国民生活センターへの相談件数も昨年の1.5倍で3700件を超えるなど急増しているようです。

親のアカウントにメールがいかないように設定し、請求が来てはじめて判明するケースも多く、更に、タブレット端末に残っていた親のクレジットカード情報をそのまま利用し、月に100万円を超える被害に遭われた方もいらっしゃいます。

実際に支払ったケースの統計で見ますと、10万円未満の被害が半分くらいで、これは逆に10万円を超える被害も半分いるということを表しています。

被害とは言っても、自分の子供がやったことですし、親がスマートフォンやゲーム機を子供に自由に使わせている点に落ち度があり、支払わざるを得なかったのだと思います。

また「キャリア決済」と言いまして、課金した料金が電話代に加算される仕組みを子供の方が知っていて悪用されてしまうケースも出てきている様です。

最近、子供の方が、ネットリテラシーが高くオンライン等の知識がありますからね。

さて、ではこの未成年者が行った決済について、後から取消すことは出来るのでしょうか。

民法第5条

「未成年者は、制限行為能力者とされ、その利益を保護するため、親の同意なくした契約は、未成年者本人もしくは親(法定代理人)が取消すことができる。」

これを未成年者取消権といいまして、理論上は取消すことができることになっています。

ただし、この条文にはいくつか条件があります。

例えば、親が与えた小遣いの範囲とか、親の同意を得ているという詐術を用いたときは取消すことが出来ません。
(民法第21条)

事業者側も様々な工夫をしており、親の同意の確認は勿論、年齢に応じた課金限度額を設けるなどの対策をしています。

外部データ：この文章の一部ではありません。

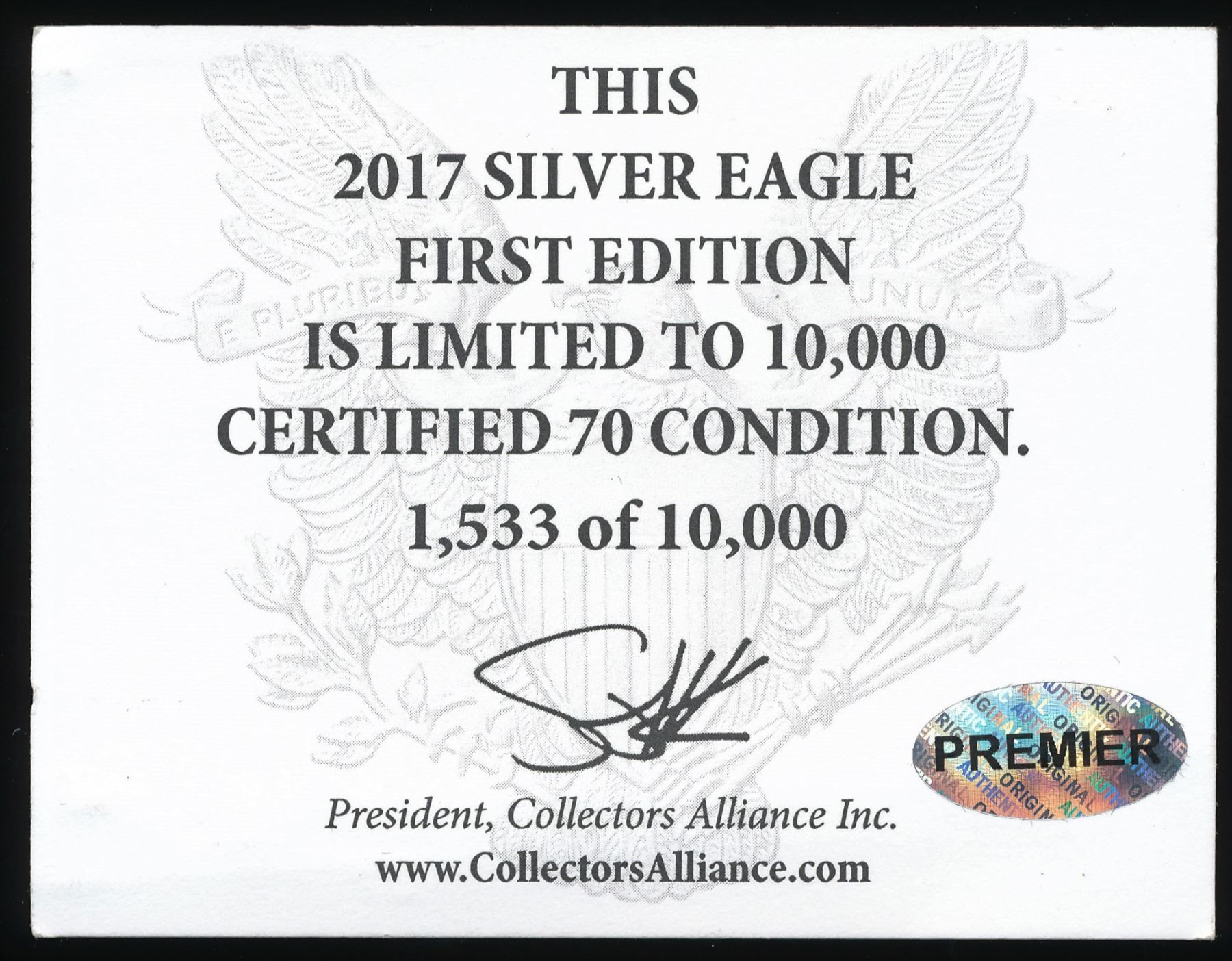 U.S. 2017 American Siver Eagle PCGS MS70 Premier First Edition 1 of 10,000 with COA!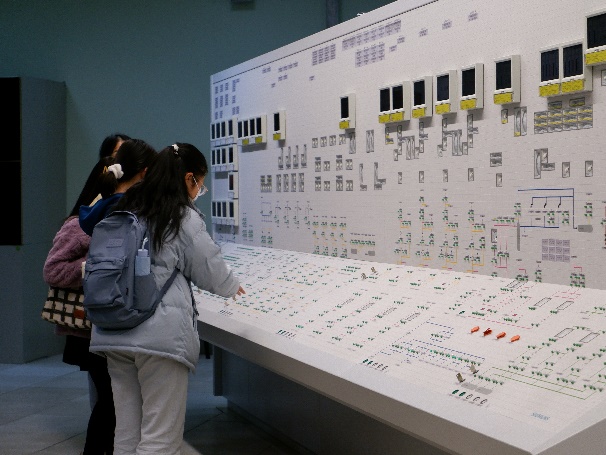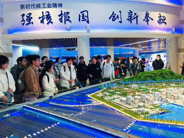 在科技馆,同学们观看了大型动态沙盘、反应堆压力容器、蒸汽发生器等实物模型,进一步了解了中国核电发展历史,切身体会了核工程学科的内涵与精髓。现场交流热烈,同学们围绕核电安全、核电技术和环境保护等问题与现场讲解员开展互动。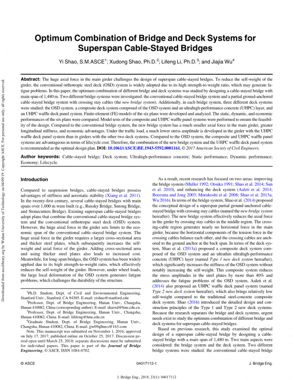 关键词:斜拉桥;面板系统;超高性能混凝土;静态性能;动态性能;经济;使用年限

これを乗り越えて、無断課金をした場合は、事業者側に落ち度もなく、親の落ち度が指摘されるケースが多いのも実情です。

事業者側が有名な会社の場合、任意で返金に応じているケースもあるようですが、事業者も様々ですので、親子の取り決めや対話といった家族内の基本的なやり取りが、最も有効なリスク管理と言えそうです。

法は、知らないと大変な事になることもありますが、完ぺきではないということですね。